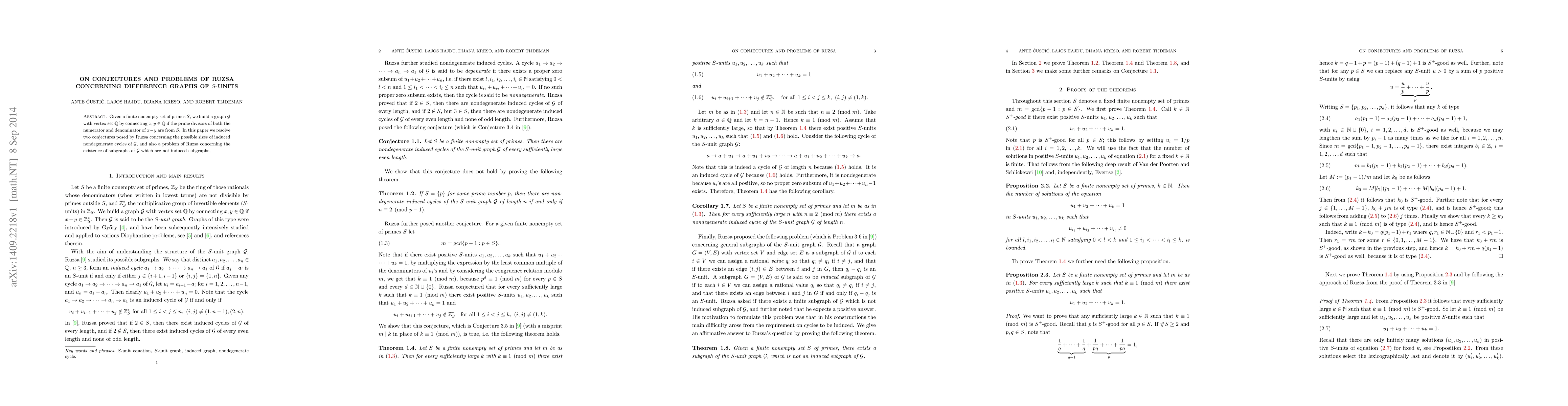 Researchers resolve two conjectures about difference graphs of S-units, showing that induced nondegenerate cycles can exist for certain values of S, while also proving the existence of specific subgraphs.
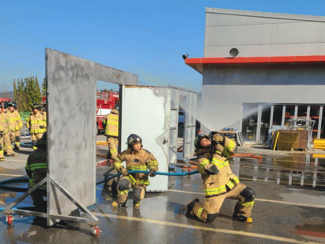 이번 교육과정에서는 펄싱, 페인팅, 펜슬링 등 3가지 관창 조작기술을 활용하는 3D주수기법을 이용해 화재실 내부진입(Door Entry)훈련을 실시했다.
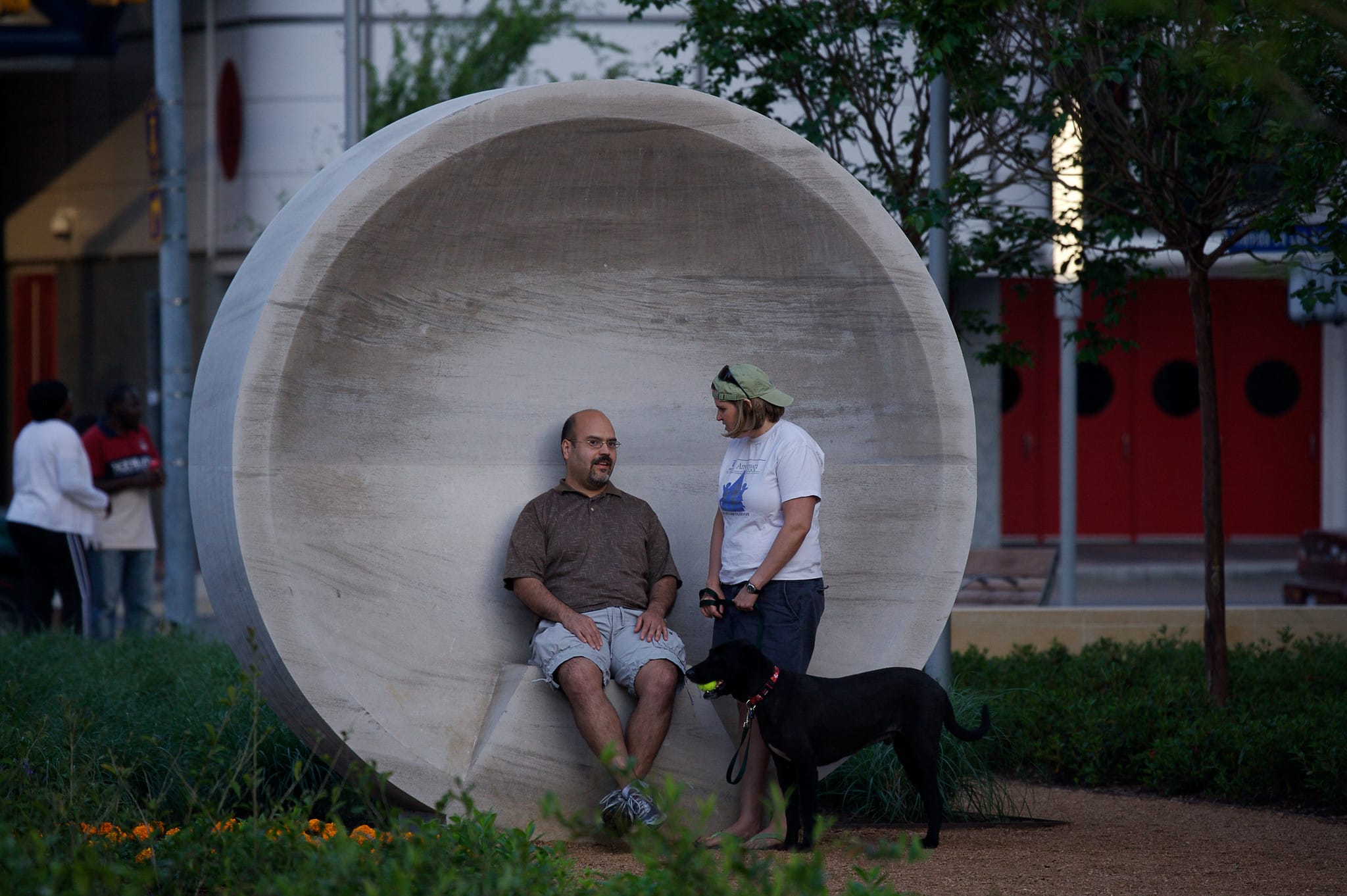 With sound in mind, Doug Hollis created these two stone sculptures out of Alabama limestone. Their concave interiors focus sound waves, allowing you to speak very softly and be heard in the other vessel seventy feet away.
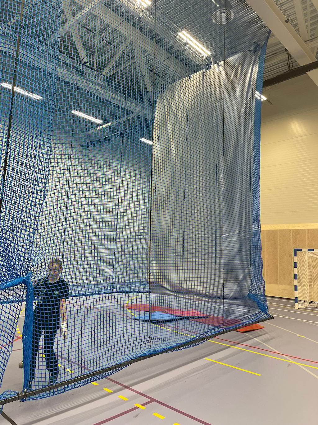 Snøgg Friidrett har fått kastbur i Helse Arena. Kasterne startet sin innetrening mandag, og kommer til å ta dette hev-/senk kastburet flittig i bruk fremeover.
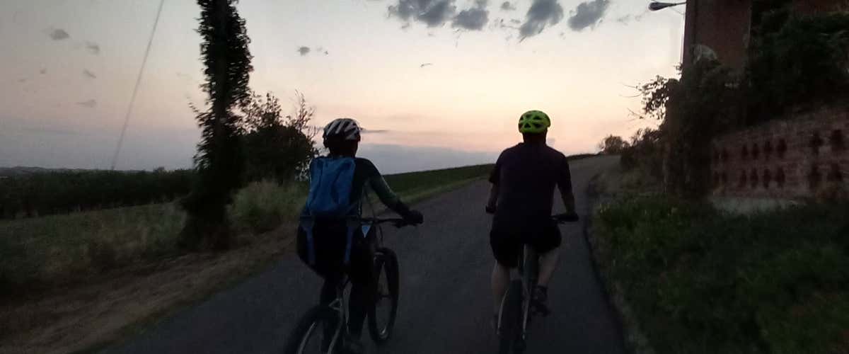 The meeting point is just before sunset in Cerrina Monferrato, in the province of Alessandria. Here the guide will be waiting for us, who will hand over the electric bikes, helmet and reflective jacket for when darkness falls (all equipment is included in the fee).
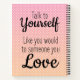 Cute wholesome magnet with the quote: "Talk to yourself like you would to someone you love" Positive affirmation and self talk to love yourself more. Pastel pink and peach orange background with white polka dots, girly and feminine.
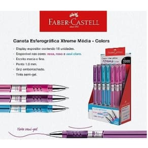 - Caneta esferográfica: Xtreme Colors; - Tinta semi-gel nas cores: rosa, roxo e azul claro; - Ponta média: 1.0mm; - Grip emborrachado; - Escrita super macia;
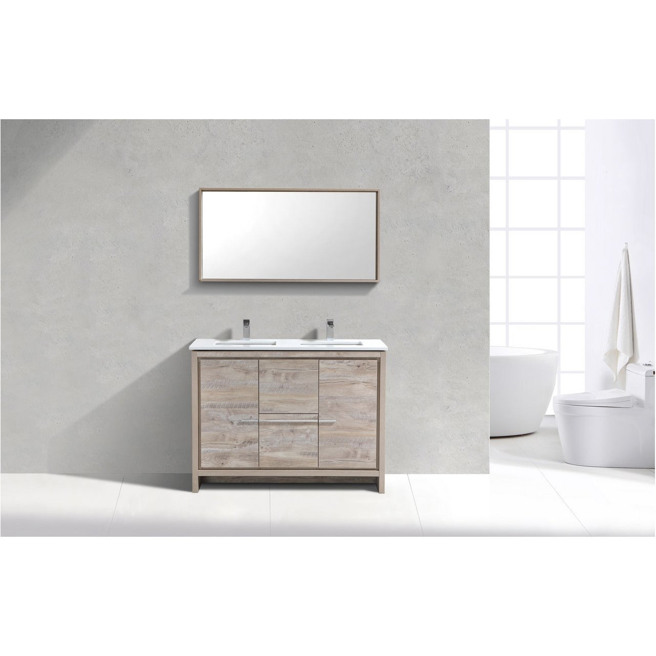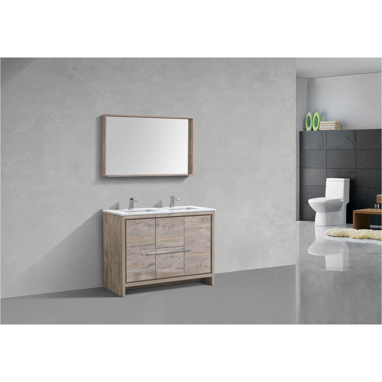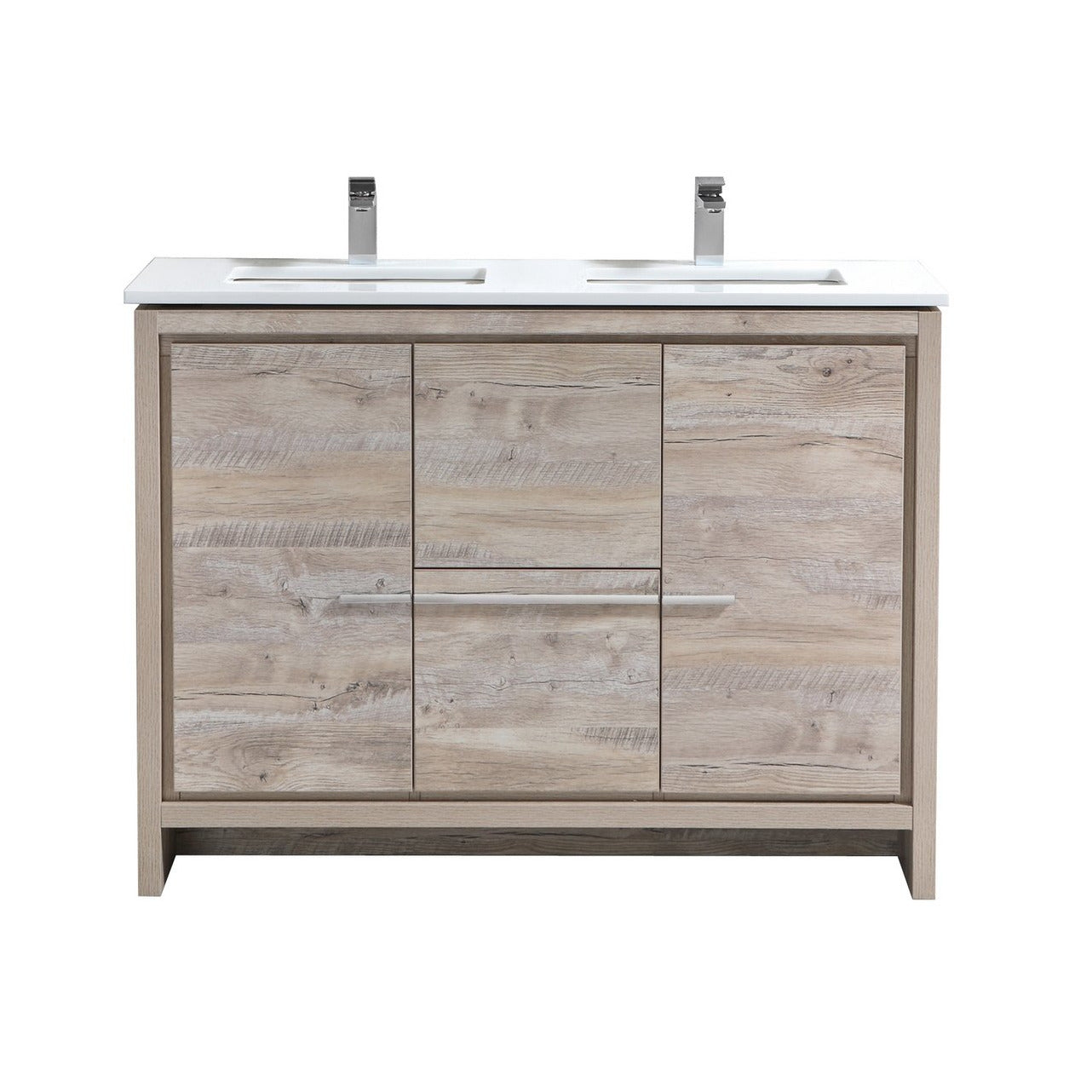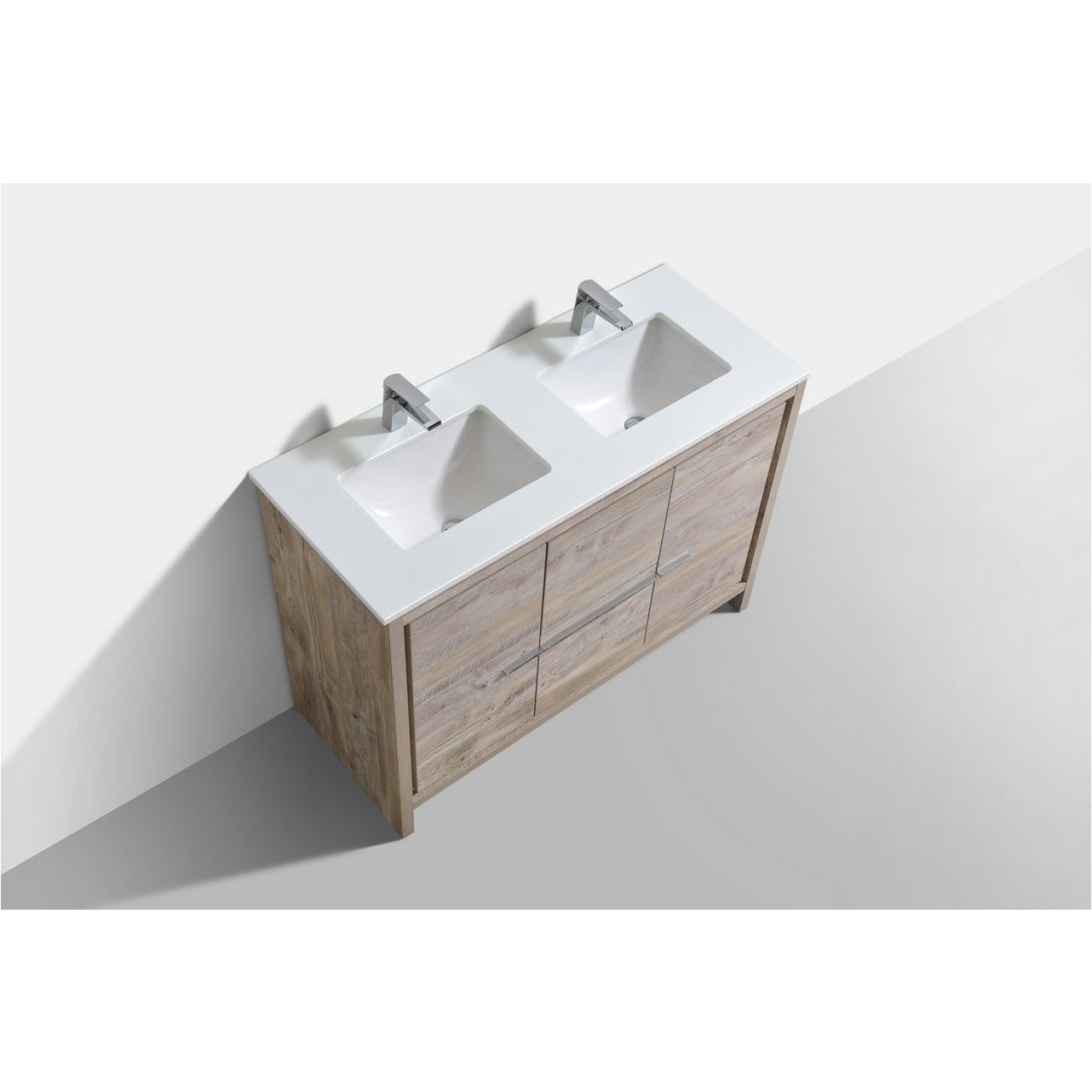 Kubebath Dolce 48″ Double Sink Nature Wood Modern Bathroom Vanity With Quartz Countertop
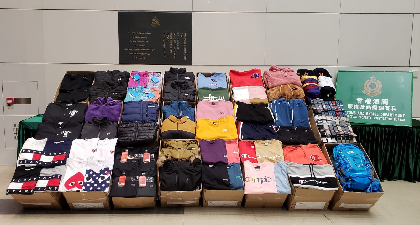 海關早前接獲舉報,指市面上有店舖售賣懷疑冒牌服飾。在商標持有人的協助及經深入調查後,海關人員在過去一星期共掃蕩8間分別位於灣仔、尖沙咀、旺角、葵涌及荃灣的店鋪,並檢獲該批懷疑冒牌服飾。
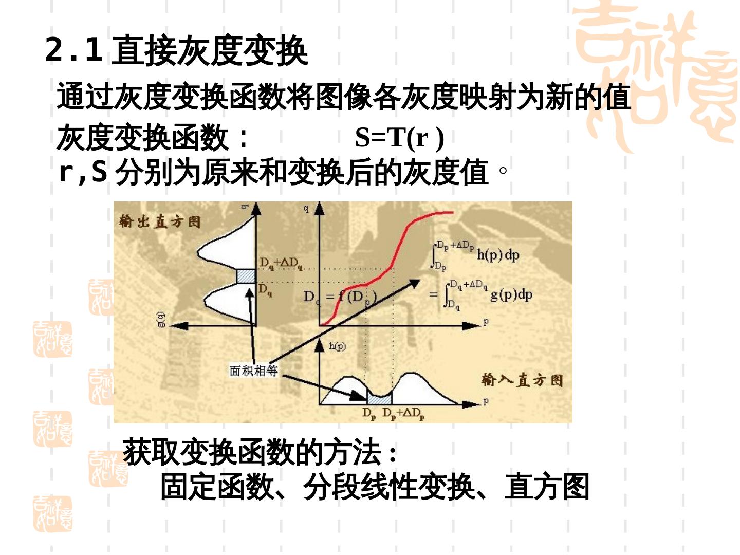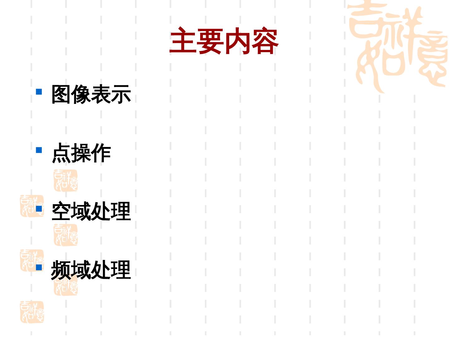 3 . 主要内容 图像表示 点操作 空域处理 频域处理
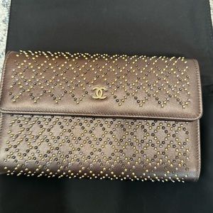 Chanel fine bead work shoulder bag. Gold brown tone. $2000
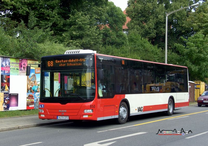 Bereits Ende Juni erhielt die Verkehrs-Aktiengesellschaft Nürnberg (VAG) weitere Neufahrzeuge. Nach den im Frühjahr gelieferten sechs Gelenkbussen gelangten nun noch acht Solobusse in den Fuhrpark. Bei diesen handelt es sich um MAN A37 (Lion's City) mit Turmmotor, die bereits die EEV-Abgasnorm erfüllen. Die Neufahrzeuge erhielten die Wagennummern 850 bis 857 und wurden im Juli auf folgende Kennzeichen zugelassen:
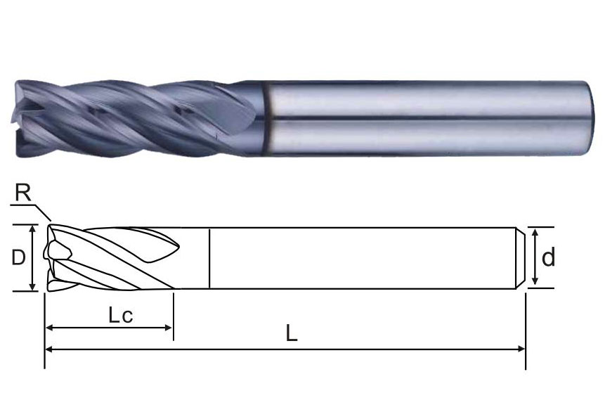 商品編號(hào) Product number | 刃徑(D) Blade diameter | R角 R angle | 刃長(zhǎng)(Lc) Blade length | 柄徑(d) Shank diameter | 全長(zhǎng)(L) Overall length | 刃數(shù) Flute |
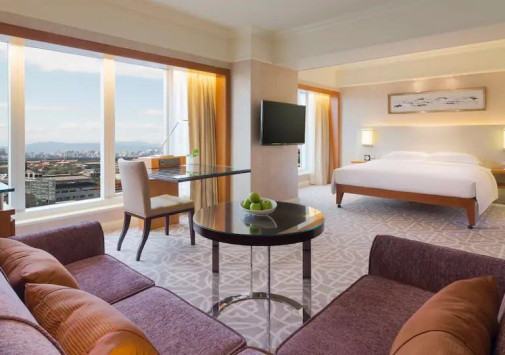 Элегантное, сверкающее зеркалами окон, полукруглое здание Grand Hyatt Beijing расположено в центре Пекина, рядом с Запретным Городом, площадью Tiananmen, Национальным Музеем Китая и другими достопримечательностями города. В комфортабельных номерах отеля – стильные современные интерьеры, с ковровым покрытием на полах, удобной мебелью, изысканными украшениями, панорамными, от пола до потолка, окнами, из которых открывается чудесный вид на Chang An Avenue, Запретный Город и южную часть Пекина. Отель располагает оздоровительным центром Club Oasis, включающим спа, сауну, парную, и процедурные кабинеты, предлагающие широкий спектр услуг по уходу за здоровьем и внешностью, также здесь находится фитнес-центр с оборудованным тренажерным залом. Кроме того, в Grand Hyatt Beijing имеется уникальный, выполненный в тропическом стиле, крытый бассейн. Рестораны и бары отеля предлагают превосходный выбор кулинарных направлений: традиционные блюда северных и южных провинций Китая, разнообразие блюд интернациональной кухни. В барах Grand Hyatt Beijing предложены напитки на любой вкус, а вечерами звучит живая музыка. Конференц-центр отеля с залами для заседаний и банкетов идеально подходит для проведения любых мероприятий.
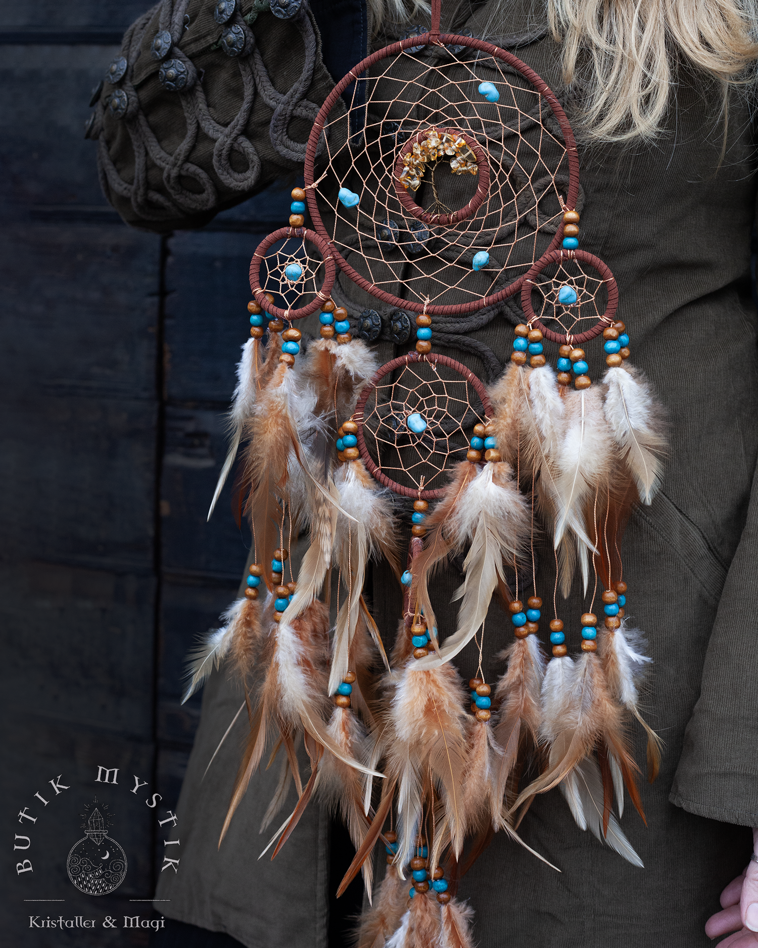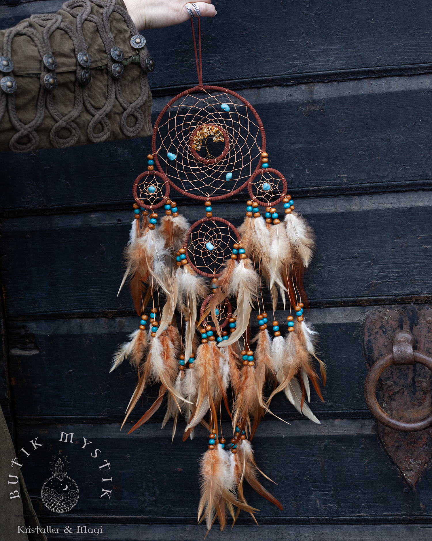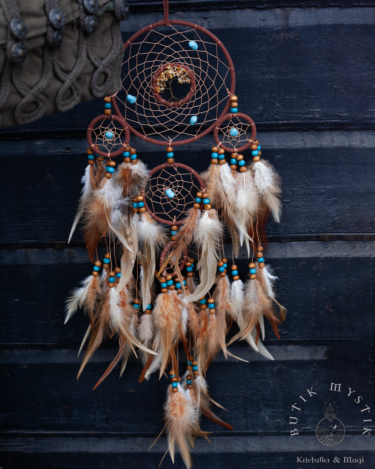 Brun Drömfångare med träd i citrin

* * *

## Task details
Would you return all the data exactly as given, minus the pictures?

## Solution to the problem
 Researchers resolve two conjectures about difference graphs of S-units, showing that induced nondegenerate cycles can exist for certain values of S, while also proving the existence of specific subgraphs.
 이번 교육과정에서는 펄싱, 페인팅, 펜슬링 등 3가지 관창 조작기술을 활용하는 3D주수기법을 이용해 화재실 내부진입(Door Entry)훈련을 실시했다.
 With sound in mind, Doug Hollis created these two stone sculptures out of Alabama limestone. Their concave interiors focus sound waves, allowing you to speak very softly and be heard in the other vessel seventy feet away.
 Snøgg Friidrett har fått kastbur i Helse Arena. Kasterne startet sin innetrening mandag, og kommer til å ta dette hev-/senk kastburet flittig i bruk fremeover.
 The meeting point is just before sunset in Cerrina Monferrato, in the province of Alessandria. Here the guide will be waiting for us, who will hand over the electric bikes, helmet and reflective jacket for when darkness falls (all equipment is included in the fee).
 Cute wholesome magnet with the quote: "Talk to yourself like you would to someone you love" Positive affirmation and self talk to love yourself more. Pastel pink and peach orange background with white polka dots, girly and feminine.
 - Caneta esferográfica: Xtreme Colors; - Tinta semi-gel nas cores: rosa, roxo e azul claro; - Ponta média: 1.0mm; - Grip emborrachado; - Escrita super macia;
 Kubebath Dolce 48″ Double Sink Nature Wood Modern Bathroom Vanity With Quartz Countertop
 海關早前接獲舉報,指市面上有店舖售賣懷疑冒牌服飾。在商標持有人的協助及經深入調查後,海關人員在過去一星期共掃蕩8間分別位於灣仔、尖沙咀、旺角、葵涌及荃灣的店鋪,並檢獲該批懷疑冒牌服飾。
 3 . 主要内容 图像表示 点操作 空域处理 频域处理
 Chanel fine bead work shoulder bag. Gold brown tone. $2000
 Bereits Ende Juni erhielt die Verkehrs-Aktiengesellschaft Nürnberg (VAG) weitere Neufahrzeuge. Nach den im Frühjahr gelieferten sechs Gelenkbussen gelangten nun noch acht Solobusse in den Fuhrpark. Bei diesen handelt es sich um MAN A37 (Lion's City) mit Turmmotor, die bereits die EEV-Abgasnorm erfüllen. Die Neufahrzeuge erhielten die Wagennummern 850 bis 857 und wurden im Juli auf folgende Kennzeichen zugelassen:
 商品編號(hào) Product number | 刃徑(D) Blade diameter | R角 R angle | 刃長(zhǎng)(Lc) Blade length | 柄徑(d) Shank diameter | 全長(zhǎng)(L) Overall length | 刃數(shù) Flute |
 Элегантное, сверкающее зеркалами окон, полукруглое здание Grand Hyatt Beijing расположено в центре Пекина, рядом с Запретным Городом, площадью Tiananmen, Национальным Музеем Китая и другими достопримечательностями города. В комфортабельных номерах отеля – стильные современные интерьеры, с ковровым покрытием на полах, удобной мебелью, изысканными украшениями, панорамными, от пола до потолка, окнами, из которых открывается чудесный вид на Chang An Avenue, Запретный Город и южную часть Пекина. Отель располагает оздоровительным центром Club Oasis, включающим спа, сауну, парную, и процедурные кабинеты, предлагающие широкий спектр услуг по уходу за здоровьем и внешностью, также здесь находится фитнес-центр с оборудованным тренажерным залом. Кроме того, в Grand Hyatt Beijing имеется уникальный, выполненный в тропическом стиле, крытый бассейн. Рестораны и бары отеля предлагают превосходный выбор кулинарных направлений: традиционные блюда северных и южных провинций Китая, разнообразие блюд интернациональной кухни. В барах Grand Hyatt Beijing предложены напитки на любой вкус, а вечерами звучит живая музыка. Конференц-центр отеля с залами для заседаний и банкетов идеально подходит для проведения любых мероприятий.
 Brun Drömfångare med träd i citrin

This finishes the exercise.